Work request. Within the records that follow, restate exactly the lines from the line with "Готовая домашняя работа" down to the line with "Myoelectric signals were", including both. Omit the pictures.

*** Opening of Provided records ***

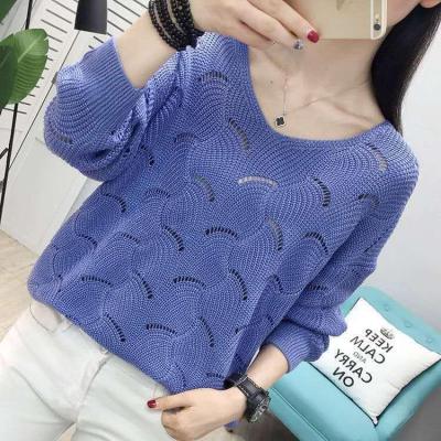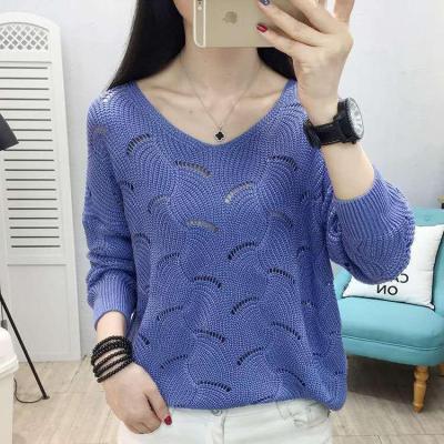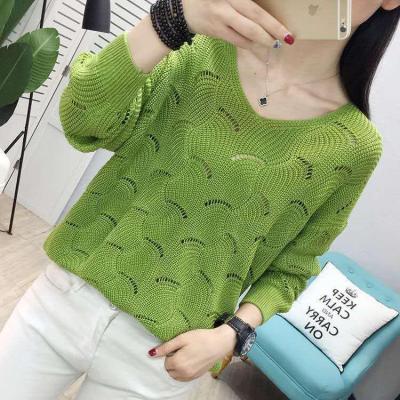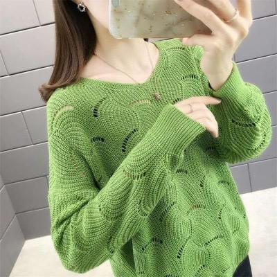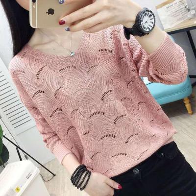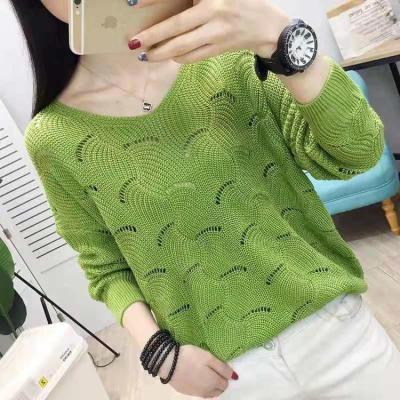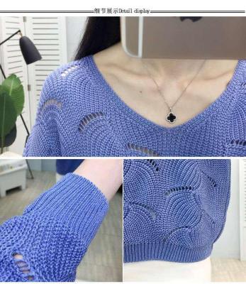 Spring new thin women's Woolen collar hollow out short knitted bottomed shirt, loose outer jacket fashion
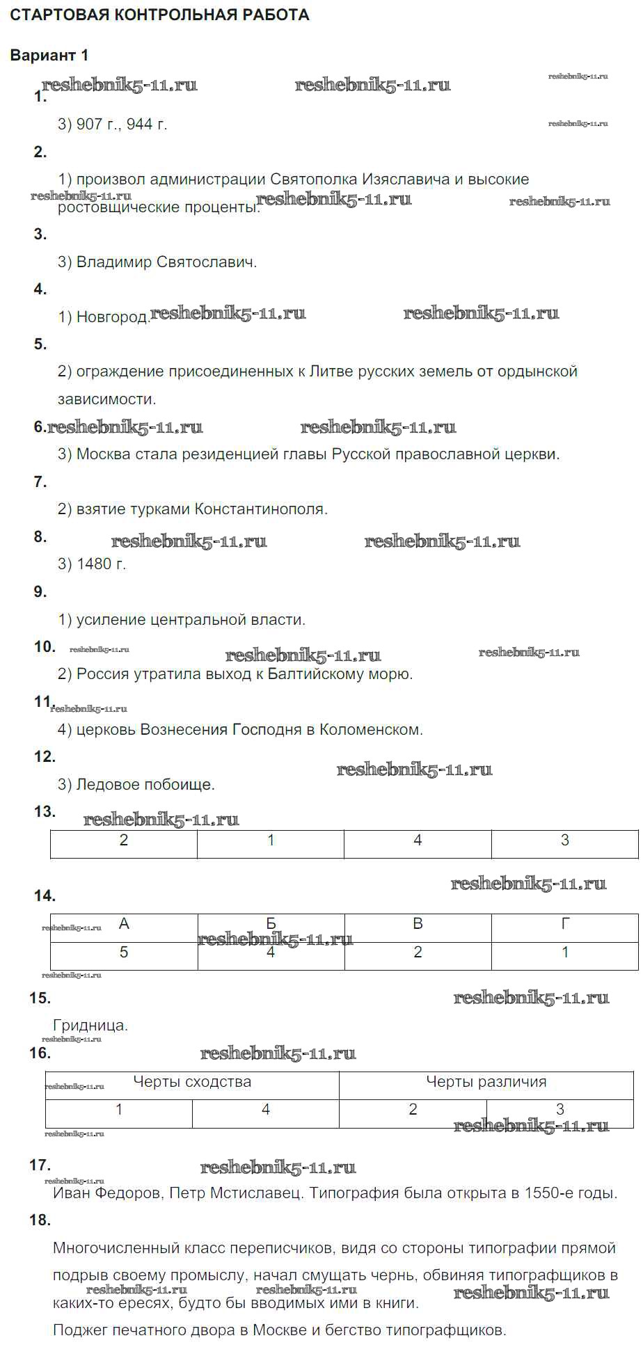 Готовая домашняя работа с ответами по Истории за 7 класс Акиньшина, Артасов Рабочая тетрадь Национальное образование 2013 ФГОС - Стартовая контрольная работа Вариант 1
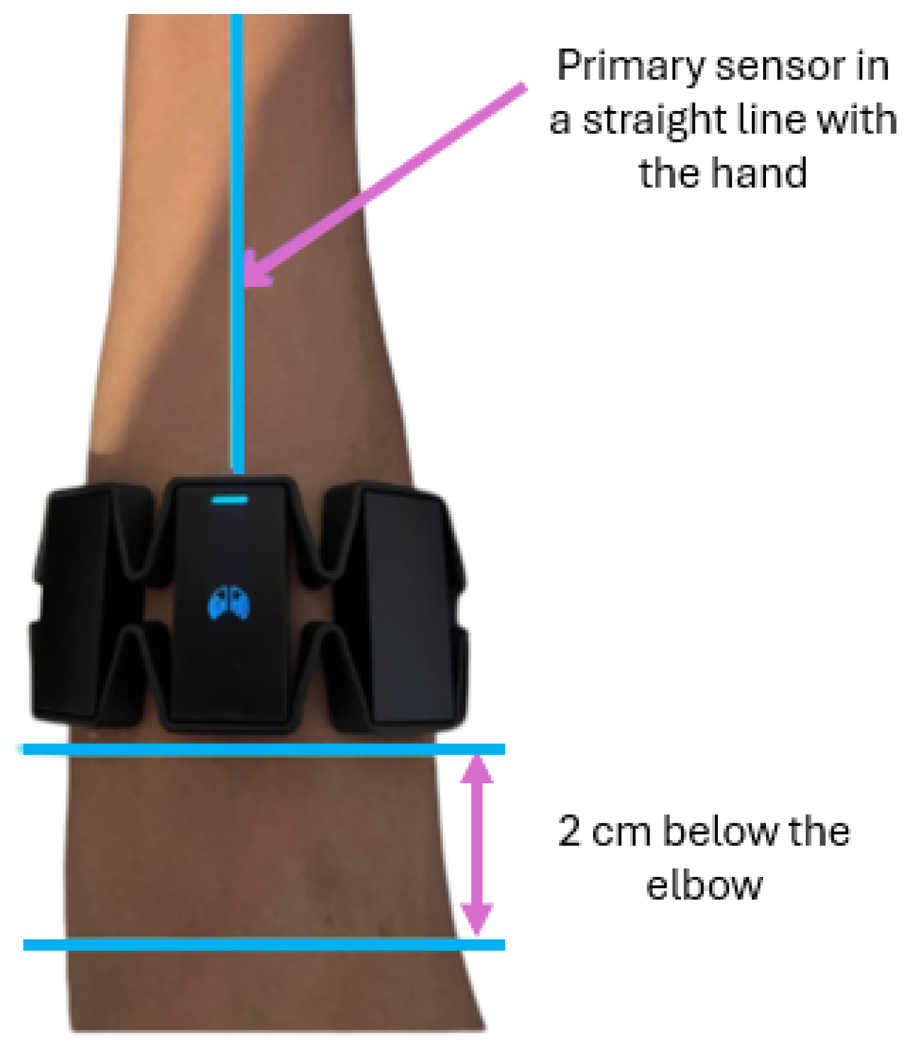 Myoelectric signals were acquired using a wearable EMG armband positioned on the right forearm, approximately 2 cm below the elbow, while maintaining a consistent orientation of the main reference sensor, as illustrated in
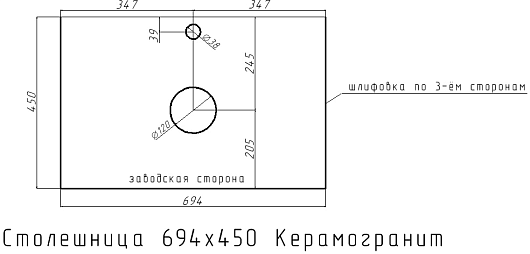 Столешница из керамогранита обеспечивает устойчивость к высокой влажности и перепадам температур, что исключает возможность появления плесени и грибка. Керамогранитный сплав обладает высокой прочностью и износостойкостью. Гладкая матовая поверхность и текстура, напоминающая цвет темный графит является универсальным решением практически для любого интерьера. Столешница оснащена отверстиями для смесителя и слива. Керамогранит состоит из натуральных компонентов, что исключает наличие вредных химических и токсических примесей
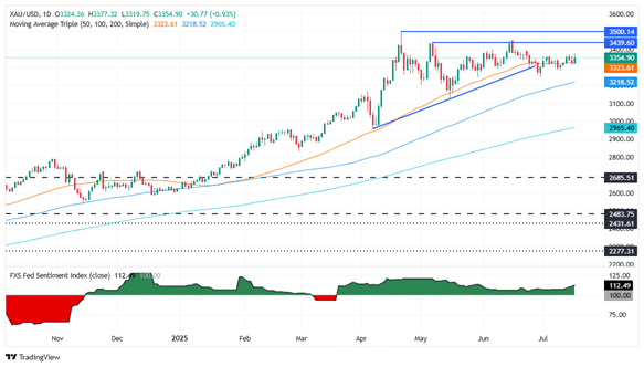 Valencia指出,要想继续看涨,金价必须攻克3400美元/盎司,若如此,金价将瞄准6月16日的高点3452美元/盎司,然后是纪录高点3500美元/盎司。
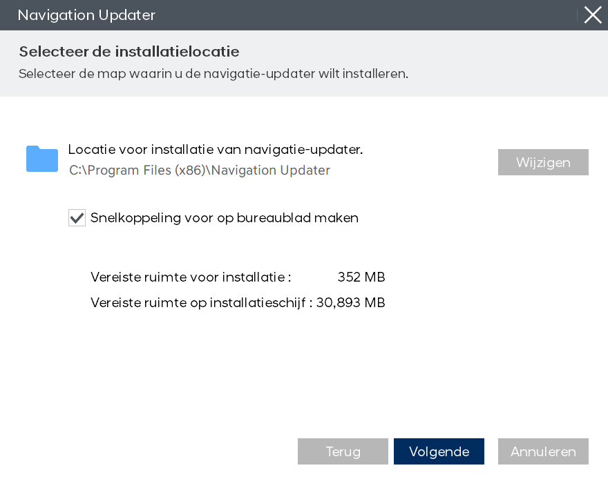 - ※ Als de pc het herkent als een lokale schijf in plaats van een verwisselbare schijf, kan het kopiëren van bestanden via Navigation Updater mogelijk niet doorgaan.
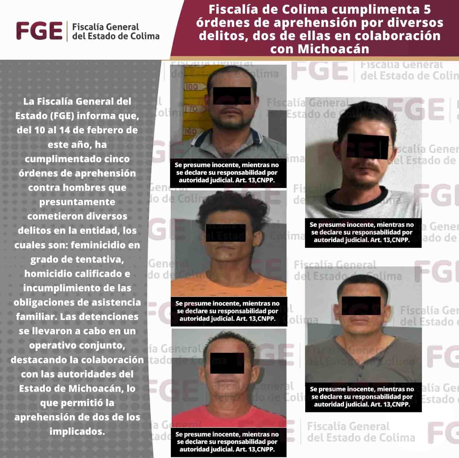 Fiscalía de Colima cumplimenta 5 órdenes de aprehensión por diversos delitos, dos de ellas en colaboración con Michoacán
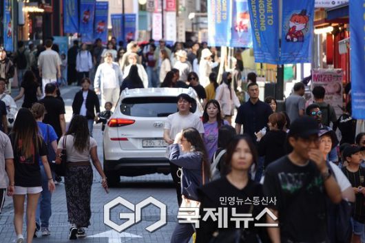 (서울=국제뉴스) 민웅기 기자 = 8일 오후 서울 중구 명동거리가 추석 황금연휴를 즐기려는 시민들로 북적이고 있다.

*** Close of Provided records ***

Written answer.
 Готовая домашняя работа с ответами по Истории за 7 класс Акиньшина, Артасов Рабочая тетрадь Национальное образование 2013 ФГОС - Стартовая контрольная работа Вариант 1
 Myoelectric signals were acquired using a wearable EMG armband positioned on the right forearm, approximately 2 cm below the elbow, while maintaining a consistent orientation of the main reference sensor, as illustrated in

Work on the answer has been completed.